* **The problem**
Return each line of the listing below, unchanged, and omit the images.

* **The data**

----------

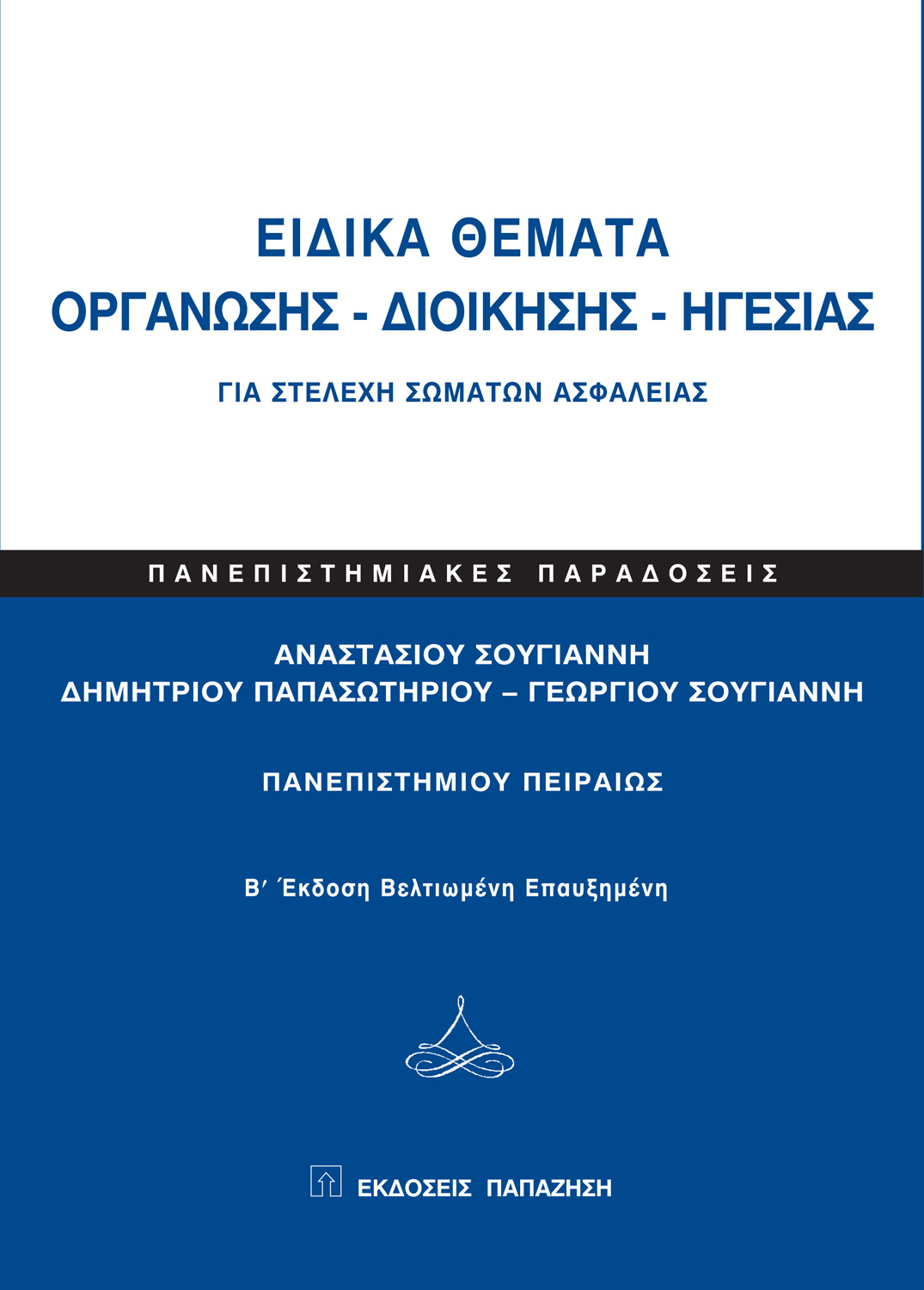 Το παρόν σύγγραμμα περιλαμβάνει τη διδακτέα ύλη του μαθήματος “Οργάνωση – Διοίκηση – Ηγεσία” της Ακαδημίας της Ελληνικής Αστυνομίας -Σχολής Αξιωματικών. Βασίζεται στις παραδόσεις του Τακτικού Καθηγητή της Σχολής Αξιωματικών και Μετεκπαίδευσης της Ελληνικής Αστυνομίας / Πανεπιστημίου Πειραιά κυρίου Σούγιαννη Αναστασίου, ο οποίος διδάσκει το συγκεκριμένο μάθημα στη Σχολή από το 2002. Αναλύει με διεξοδικό τρόπο θέματα διοίκησης, οργάνωσης και ηγεσίας προσαρμοσμένα στα ελληνικά σώματα ασφαλείας, τα οποία κάθε σύγχρονος διοικητής πρέπει να κατέχει ώστε να: – οργανώνει κατά τον πλέον αποδοτικό τρόπο την υπηρεσία του, – ανταποκρίνεται άμεσα και αποτελεσματικά στις υπηρεσιακές του υποχρεώσεις ως ηγέτης, – επιτυγχάνει την καλή και απρόσκοπτη λειτουργία της υπηρεσίας του, – βελτιώνει την απόδοση των υφισταμένων του, – χειρίζεται κρίσιμες υπηρεσιακές καταστάσεις. Ύστερα από συνεχή πρωτογενή και δευτερογενή έρευνα στο χώρο του Management των σωμάτων ασφαλείας αλλά και προτάσεις και υποδείξεις από ανώτατα στελέχη των σωμάτων ασφαλείας, οι τρεις συγγραφείς (Σούγιαννης Αναστάσιος, Παπασωτηρίου Δημήτριος και Σούγιαννης Γεώργιος) παρουσιάζουν με ικανοποίηση την Β΄ έκδοση του βιβλίου που είναι βελτιωμένη και επαυξημένη, με τη βεβαιότητα ότι έχουν καλύψει ένα κενό της ελληνικής βιβλιογραφίας σχετικά με το θέμα και ότι συνδράμουν στο δύσκολο έργο των σημερινών και μελλοντικών ηγετών διαφόρων επιπέδων των ελληνικών σωμάτων ασφαλείας.
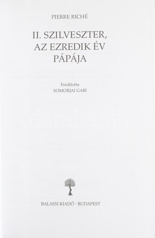 Pierre Riché: II. Szilveszter, az ezredik év pápája. Bp., 1999, Balass... https://www.darabanth.com/de/514-Auktion-Philatelie-Postkarten-Numismatik-Kunstwerke-Bucher-Schreibwaren-Schmuck/515.0/Bucher/Bucher-Geschichte~617/Pierre-Riche-II-Szilveszter-az-ezredik-ev-papaja-Bp-1999-Balassi-Kiadoi-papirkotes~II3463200
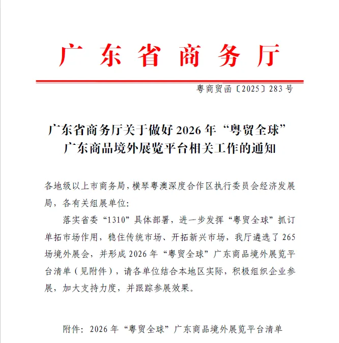 凯宸会展再一次入选2026年度“粤贸全球”广东商品境外展览平台的官方组展服务单位。此次入选的展会包括阿塞拜疆国际贸易展、格鲁吉亚国际贸易展以及沙特吉达国际建材及装饰展三大国际品牌展会。

----------

* **Solution**
 Το παρόν σύγγραμμα περιλαμβάνει τη διδακτέα ύλη του μαθήματος “Οργάνωση – Διοίκηση – Ηγεσία” της Ακαδημίας της Ελληνικής Αστυνομίας -Σχολής Αξιωματικών. Βασίζεται στις παραδόσεις του Τακτικού Καθηγητή της Σχολής Αξιωματικών και Μετεκπαίδευσης της Ελληνικής Αστυνομίας / Πανεπιστημίου Πειραιά κυρίου Σούγιαννη Αναστασίου, ο οποίος διδάσκει το συγκεκριμένο μάθημα στη Σχολή από το 2002. Αναλύει με διεξοδικό τρόπο θέματα διοίκησης, οργάνωσης και ηγεσίας προσαρμοσμένα στα ελληνικά σώματα ασφαλείας, τα οποία κάθε σύγχρονος διοικητής πρέπει να κατέχει ώστε να: – οργανώνει κατά τον πλέον αποδοτικό τρόπο την υπηρεσία του, – ανταποκρίνεται άμεσα και αποτελεσματικά στις υπηρεσιακές του υποχρεώσεις ως ηγέτης, – επιτυγχάνει την καλή και απρόσκοπτη λειτουργία της υπηρεσίας του, – βελτιώνει την απόδοση των υφισταμένων του, – χειρίζεται κρίσιμες υπηρεσιακές καταστάσεις. Ύστερα από συνεχή πρωτογενή και δευτερογενή έρευνα στο χώρο του Management των σωμάτων ασφαλείας αλλά και προτάσεις και υποδείξεις από ανώτατα στελέχη των σωμάτων ασφαλείας, οι τρεις συγγραφείς (Σούγιαννης Αναστάσιος, Παπασωτηρίου Δημήτριος και Σούγιαννης Γεώργιος) παρουσιάζουν με ικανοποίηση την Β΄ έκδοση του βιβλίου που είναι βελτιωμένη και επαυξημένη, με τη βεβαιότητα ότι έχουν καλύψει ένα κενό της ελληνικής βιβλιογραφίας σχετικά με το θέμα και ότι συνδράμουν στο δύσκολο έργο των σημερινών και μελλοντικών ηγετών διαφόρων επιπέδων των ελληνικών σωμάτων ασφαλείας.
 Pierre Riché: II. Szilveszter, az ezredik év pápája. Bp., 1999, Balass... https://www.darabanth.com/de/514-Auktion-Philatelie-Postkarten-Numismatik-Kunstwerke-Bucher-Schreibwaren-Schmuck/515.0/Bucher/Bucher-Geschichte~617/Pierre-Riche-II-Szilveszter-az-ezredik-ev-papaja-Bp-1999-Balassi-Kiadoi-papirkotes~II3463200
 凯宸会展再一次入选2026年度“粤贸全球”广东商品境外展览平台的官方组展服务单位。此次入选的展会包括阿塞拜疆国际贸易展、格鲁吉亚国际贸易展以及沙特吉达国际建材及装饰展三大国际品牌展会。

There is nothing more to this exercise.